PRINGLE: You can see it here, 1765.
SHAPIRO: Anne Pringle is an Associate Professor at Harvard. And this isn’t her first time walking through this snow-covered cemetery.
PRINGLE: The funniest comment I ever got was somebody…somebody who thought that I was mourning, and they were wondering why I was mourning for so very long on my hands and knees in front of a particular tombstone.
SHAPIRO: And what were you doing in fact?
PRINGLE: I was counting lichens.
SHAPIRO: Pringle’s a mycologist. That is: she studies fungi. And lichens are a special type of fungus. They’re often first to colonize new habitats, and they can grow on tree bark, fence posts, and stones, including tombstones like the ones in this cemetery. But, that’s not all.
[PAPER PACKET CRUMPLING]
SHAPIRO: Back in her office, Pringle unfolds a paper packet containing a kind of lichen called Xanthoparmelia plittii. She points out the tiny, crusty swirls the color of spearmint.
PRINGLE: Lichens are symbioses – that means that they are made up of multiple species living together. And generally, a lichen is one individual fungus, and living inside, embedded in the matrix of that fungus, there are algae, and maybe more than one species of algae.

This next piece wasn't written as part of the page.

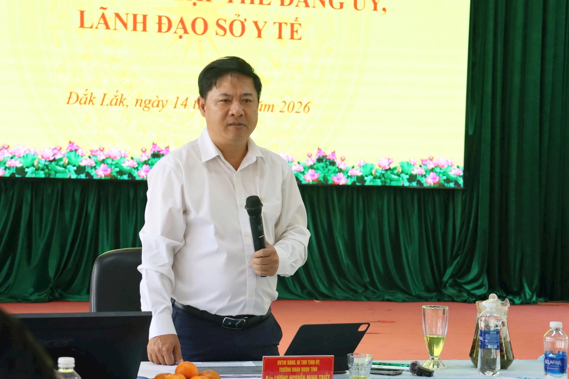 Bí thư Tỉnh ủy Đắk Lắk Lương Nguyễn Minh Triết phát biểu hôm làm việc với Đảng ủy, lãnh đạo Sở Y tế

Examining lichen on a gravestone. (EOL Learning and Education Group)

SHAPIRO: It’s a complicated organism. A lichen is a fungus with algae living inside it. The algae photosynthesize, converting carbon dioxide into sugars – food that the fungus can consume. It’s not clear whether the algae get anything out of the arrangement, except maybe a home they wouldn’t otherwise have.
PRINGLE: What’s also interesting about a lichen is realizing that it’s an entire habitat for other creatures inside it: of bacteria, of other fungi. So, when you look at a lichen, when you’re walking by, it’s not just an individual – it’s an entire ecosystem, sort of like a tropical rainforest in miniature, just maybe the size of the palm of your hand growing on a fencepost.
SHAPIRO: Within the lichen, how many species are there – of the bacteria, the fungi, the algae?
PRINGLE: Oh, I don’t know. Hundreds, order of magnitude.
[DOOR OPENING]
SHAPIRO: Next door, in Pringle’s lab, mycologist Benjamin Wolfe holds up what looks like a giant black potato chip the size of his hand. This lichen’s a different species – Umbilicaria mammulata – but the story…it’s the same.


Mycologist Benjamin Wolfe holds up a lichen called Umbilicaria mammulata. (EOL Learning and Education Group)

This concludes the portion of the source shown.